At the Press conference on Saturday to announce seat-sharing, Mayawati lashed out at the Congress, calling it a “sold out” party. Rubbing more salt into the latter’s wounds, she declared that the Congress brings nothing to the table for the alliance. She added that there would be no transfer of Congress’s votes for the SP-BSP.
Left to fend for itself, the Congress will find it difficult to win more than a couple of seats out of the 80 on offer. It can, therefore, say goodbye to the prospect of coming anywhere close to the simple majority mark in a House of 543. Indeed, it would be a miracle if the party crosses 100 seats on its own. If that happens, various regional parties — even those which are presently inclined to back a Congress-led coalition — would gravitate towards a non-Congress/non-regional combine. There is also a possibility that, if the BJP comes within a striking distance of the simple majority mark— some of these parties could either extend outside support to the NDA or even join the formulation.
Even in 1993, when the SP and the BSP came together — a partnership that ended less than two years later in a most acrimonious manner — the Congress had been cast aside. The shadow of the Ayodhya mosque demolition then loomed on the Congress and nobody wanted to touch the party with a bargepole.
The Congress is now hoping that post-results, both the SP and the BSP will extend outside support to it in case it stand a chance of government formation. After all, most recently in Madhya Pradesh, the BSP did give support and help the Congress form a government. This is where the BSP’s hypocrisy lies. Mayawati says that there is no difference between the Congress and the BJP, since both are quite useless. Incidentally, this has been her stand for years. and yet, she has had no problems doing business with them in the past. After the SP-BSP alliance collapsed in 1995, she had become the State’s Chief Minister with the BJP’s support. After the Congress-led UPA assumed power in 2004, the BSP backed the Congress vis-a-vis the BJP.
A similar attitude has been adopted by the SP too. It fought the 2017 Assembly election in collaboration with the Congress, and lost. The alliance effectively ended with that defeat, but the SP continued to back the Congress by taking positions which matched that of the Congress. For 2019, it has had no hesitation in dumping the Congress.

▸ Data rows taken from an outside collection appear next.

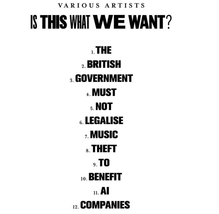 Wspomniane piosenki w wielu przypadkach były jedynie efektem zabawy z AI. Lecz z pozoru niewinne utwory, mogą stać się prawdziwym zagrożeniem dla popularnych wokalistów. Na początku 2025 roku ponad 1000 artystów, takich jak Annie Lennox, Damon Albarn i Kate Bush, wydało niemy album w ramach protestu przeciwko planowanym przez rząd Wielkiej Brytanii zmianom w prawie autorskim. Zgodnie z nowymi przepisami platformy AI będą mogły wykorzystywać utwory znanych artystów dostępne w Internecie do rozwijania swoich modeli, chyba że właściciele praw autorskich postanowią inaczej.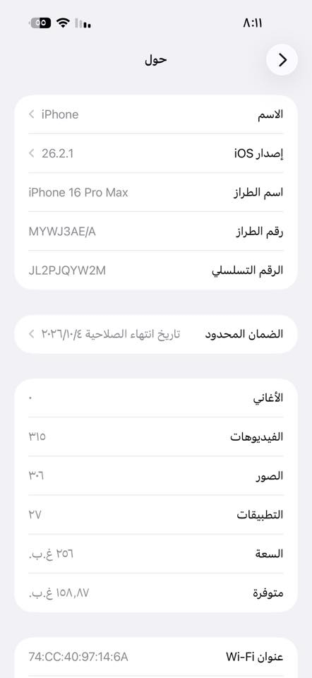 آيفون ١٦ برو ماكس • بطارية ٩١ • حي الجهاد
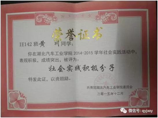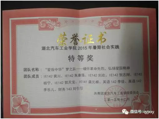 2015年5月,应学校开展2015暑期课外实践活动的要求,他组建了“爱我中华”梦之队,并大力宣传、积极组织班上同学参加此社会实践活动,使得班级同学的参与率达100%。活动期间,他带领实践团队的队员们积极实践,取得了丰厚的活动成果。寻访十堰抗战老兵活动受到媒体的广泛关注,十堰晚报报道2次,各类国家级、省级市级等主流网站对我们的媒体报道达1500余篇。在我校逸夫图书馆成功举办了“寻访十堰抗战老兵主题展”。“爱我中华”梦之队先后获得2015年机械工程学院暑期课外实践特等奖,2015年太阳成城集团tyc234cc暑期课外实践特等奖,2015年湖北省社会实践优秀团队,团中央学校部和中青网联合举办的镜头中的三下乡“好团队”奖。个人获得“2015年太阳成城集团tyc234cc社会实践积极分子”,“2015年湖北省社会实践先进个人”等荣誉称号。
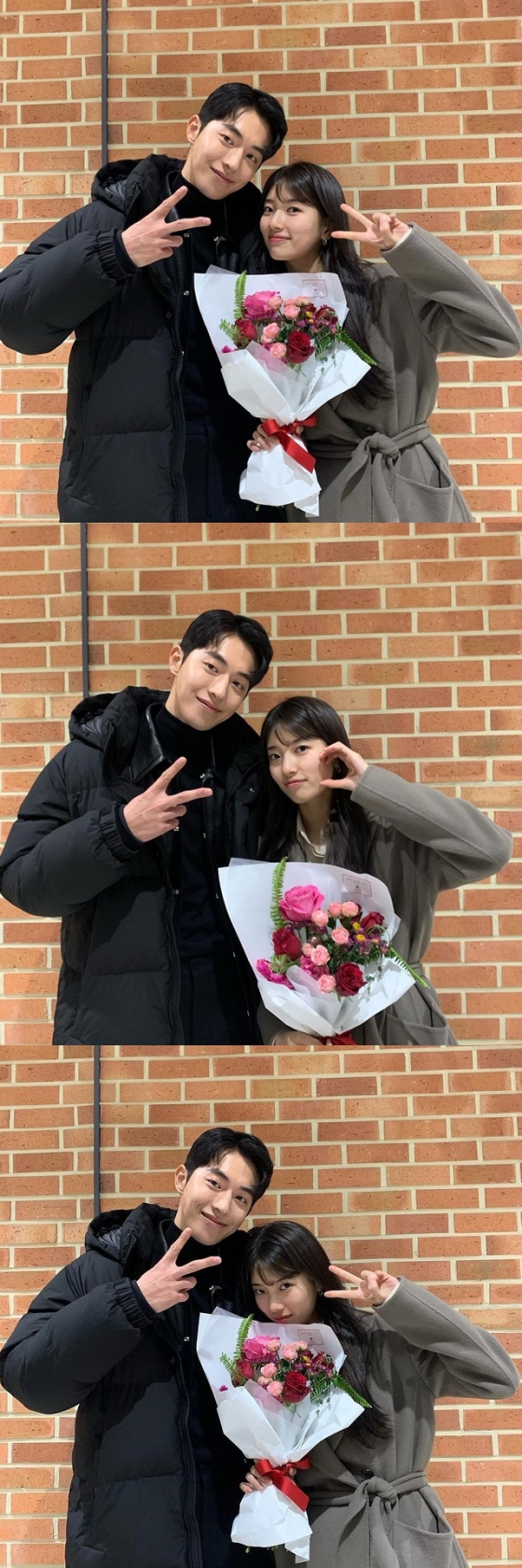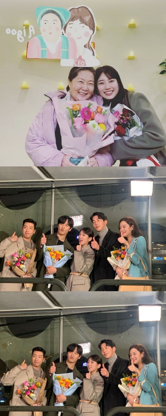 공개된 사진 속에는 드라마 '스타트업'에서 촬영을 같이한 배우 남주혁과 김선호, 스테파니 리, 김혜숙이 수지와 함께 환하게 웃고 있다. 서로 환하게 웃으며 정면을 바라보는 모습이 훈훈함을 자아낸다.

The other instance of hypocrisy of these two regional parties is demonstrated in the SP-BSP combine’s decision to not contest the Rae Bareli and Amethi seats. They do not want to do business with the Congress but also ready to give an easier passage to the two top leaders of the party in the electoral battle. There is no doubt that, had the new coalition put up candidates in these two Lok Sabha constituencies, the Congress’s president and the former Congress president would have had difficulty in retaining their seats in the face of assaults by both the BJP and the SP-BSP alliance.
The Congress, although it has been putting up a brave front, really has no substantial support base it can draw from. The Muslims, the Yadav community and the Scheduled Castes would gravitate towards the new combination. The BJP would tap into the non-Yadav Other Backward Class votes and the upper castes. Besides, it will seek to dent the BSP’s Scheduled Caste vote share. The BJP will play the 10 per cent quota card for economically weaker sections of society regardless of caste — those that are not covered by the existing reservations. Together with the Ram temple issue, it will work to consolidate those that are out of the SP-BSP net.
What then is left for the Congress, besides its traditional voters, which have in any case dwindled in numbers over the years?